* Data to examine:
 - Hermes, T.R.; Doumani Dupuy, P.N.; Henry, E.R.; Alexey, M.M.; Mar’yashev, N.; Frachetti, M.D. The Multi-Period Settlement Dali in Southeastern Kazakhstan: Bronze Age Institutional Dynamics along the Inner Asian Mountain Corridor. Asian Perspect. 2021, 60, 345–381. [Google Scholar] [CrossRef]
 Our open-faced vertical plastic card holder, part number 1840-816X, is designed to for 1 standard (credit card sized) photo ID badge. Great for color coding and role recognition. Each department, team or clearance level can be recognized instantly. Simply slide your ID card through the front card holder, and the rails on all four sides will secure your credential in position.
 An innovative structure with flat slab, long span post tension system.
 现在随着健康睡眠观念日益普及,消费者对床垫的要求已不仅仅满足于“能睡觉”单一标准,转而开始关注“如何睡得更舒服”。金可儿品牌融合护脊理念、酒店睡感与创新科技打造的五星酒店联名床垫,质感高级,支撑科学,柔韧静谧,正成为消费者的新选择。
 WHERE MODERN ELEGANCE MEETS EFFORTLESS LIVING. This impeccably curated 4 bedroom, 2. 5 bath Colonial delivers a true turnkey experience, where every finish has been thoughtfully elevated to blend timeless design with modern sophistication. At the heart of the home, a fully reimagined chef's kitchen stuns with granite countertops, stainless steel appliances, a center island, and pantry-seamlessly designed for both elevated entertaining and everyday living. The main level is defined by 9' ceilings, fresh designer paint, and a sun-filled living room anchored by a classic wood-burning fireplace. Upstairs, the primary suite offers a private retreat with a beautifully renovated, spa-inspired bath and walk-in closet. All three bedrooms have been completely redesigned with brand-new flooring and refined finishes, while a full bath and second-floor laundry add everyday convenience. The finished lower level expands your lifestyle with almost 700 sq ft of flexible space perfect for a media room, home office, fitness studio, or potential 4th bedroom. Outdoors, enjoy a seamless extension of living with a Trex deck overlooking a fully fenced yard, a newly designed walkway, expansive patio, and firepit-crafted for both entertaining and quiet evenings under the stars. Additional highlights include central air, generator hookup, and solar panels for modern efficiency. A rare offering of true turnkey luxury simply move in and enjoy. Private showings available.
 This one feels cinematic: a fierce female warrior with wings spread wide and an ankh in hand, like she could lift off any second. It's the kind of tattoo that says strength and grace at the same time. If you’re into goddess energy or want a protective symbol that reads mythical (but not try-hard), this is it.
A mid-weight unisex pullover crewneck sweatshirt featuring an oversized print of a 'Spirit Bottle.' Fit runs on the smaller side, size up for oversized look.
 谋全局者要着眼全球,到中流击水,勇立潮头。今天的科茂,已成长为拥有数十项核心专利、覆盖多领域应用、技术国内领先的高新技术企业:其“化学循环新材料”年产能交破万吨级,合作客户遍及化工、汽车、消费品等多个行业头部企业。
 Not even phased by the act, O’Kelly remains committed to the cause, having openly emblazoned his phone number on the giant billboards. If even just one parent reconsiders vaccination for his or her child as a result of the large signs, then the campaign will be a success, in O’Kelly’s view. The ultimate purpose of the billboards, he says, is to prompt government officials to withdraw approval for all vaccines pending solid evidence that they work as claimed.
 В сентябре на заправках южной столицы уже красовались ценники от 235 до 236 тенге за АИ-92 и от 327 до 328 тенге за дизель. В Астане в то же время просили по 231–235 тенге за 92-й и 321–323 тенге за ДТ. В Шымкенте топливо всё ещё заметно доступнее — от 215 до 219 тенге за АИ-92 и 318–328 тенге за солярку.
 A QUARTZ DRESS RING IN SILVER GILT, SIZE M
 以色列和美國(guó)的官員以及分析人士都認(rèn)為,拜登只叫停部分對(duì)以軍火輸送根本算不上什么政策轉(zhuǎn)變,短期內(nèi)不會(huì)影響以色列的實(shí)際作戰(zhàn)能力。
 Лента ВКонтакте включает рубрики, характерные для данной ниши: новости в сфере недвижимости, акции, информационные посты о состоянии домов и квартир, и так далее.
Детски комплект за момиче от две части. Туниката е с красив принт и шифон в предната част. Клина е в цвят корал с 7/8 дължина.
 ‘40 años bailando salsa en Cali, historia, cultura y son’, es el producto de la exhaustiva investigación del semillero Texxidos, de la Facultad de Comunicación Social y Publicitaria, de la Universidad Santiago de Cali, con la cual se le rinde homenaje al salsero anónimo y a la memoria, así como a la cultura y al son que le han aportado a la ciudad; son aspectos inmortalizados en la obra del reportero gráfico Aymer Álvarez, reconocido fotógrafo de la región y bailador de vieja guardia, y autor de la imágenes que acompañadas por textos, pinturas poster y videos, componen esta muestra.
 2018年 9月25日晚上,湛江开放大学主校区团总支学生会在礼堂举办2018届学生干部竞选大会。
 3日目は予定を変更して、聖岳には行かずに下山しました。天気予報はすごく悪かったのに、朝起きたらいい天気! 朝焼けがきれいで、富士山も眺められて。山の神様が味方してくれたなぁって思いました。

* Task instructions: Return verbatim each line from the one that mentions "В сентябре на" to the end of the entries, inclusive.

* Answer to this task:
 В сентябре на заправках южной столицы уже красовались ценники от 235 до 236 тенге за АИ-92 и от 327 до 328 тенге за дизель. В Астане в то же время просили по 231–235 тенге за 92-й и 321–323 тенге за ДТ. В Шымкенте топливо всё ещё заметно доступнее — от 215 до 219 тенге за АИ-92 и 318–328 тенге за солярку.
 A QUARTZ DRESS RING IN SILVER GILT, SIZE M
 以色列和美國(guó)的官員以及分析人士都認(rèn)為,拜登只叫停部分對(duì)以軍火輸送根本算不上什么政策轉(zhuǎn)變,短期內(nèi)不會(huì)影響以色列的實(shí)際作戰(zhàn)能力。
 Лента ВКонтакте включает рубрики, характерные для данной ниши: новости в сфере недвижимости, акции, информационные посты о состоянии домов и квартир, и так далее.
Детски комплект за момиче от две части. Туниката е с красив принт и шифон в предната част. Клина е в цвят корал с 7/8 дължина.
 ‘40 años bailando salsa en Cali, historia, cultura y son’, es el producto de la exhaustiva investigación del semillero Texxidos, de la Facultad de Comunicación Social y Publicitaria, de la Universidad Santiago de Cali, con la cual se le rinde homenaje al salsero anónimo y a la memoria, así como a la cultura y al son que le han aportado a la ciudad; son aspectos inmortalizados en la obra del reportero gráfico Aymer Álvarez, reconocido fotógrafo de la región y bailador de vieja guardia, y autor de la imágenes que acompañadas por textos, pinturas poster y videos, componen esta muestra.
 2018年 9月25日晚上,湛江开放大学主校区团总支学生会在礼堂举办2018届学生干部竞选大会。
 3日目は予定を変更して、聖岳には行かずに下山しました。天気予報はすごく悪かったのに、朝起きたらいい天気! 朝焼けがきれいで、富士山も眺められて。山の神様が味方してくれたなぁって思いました。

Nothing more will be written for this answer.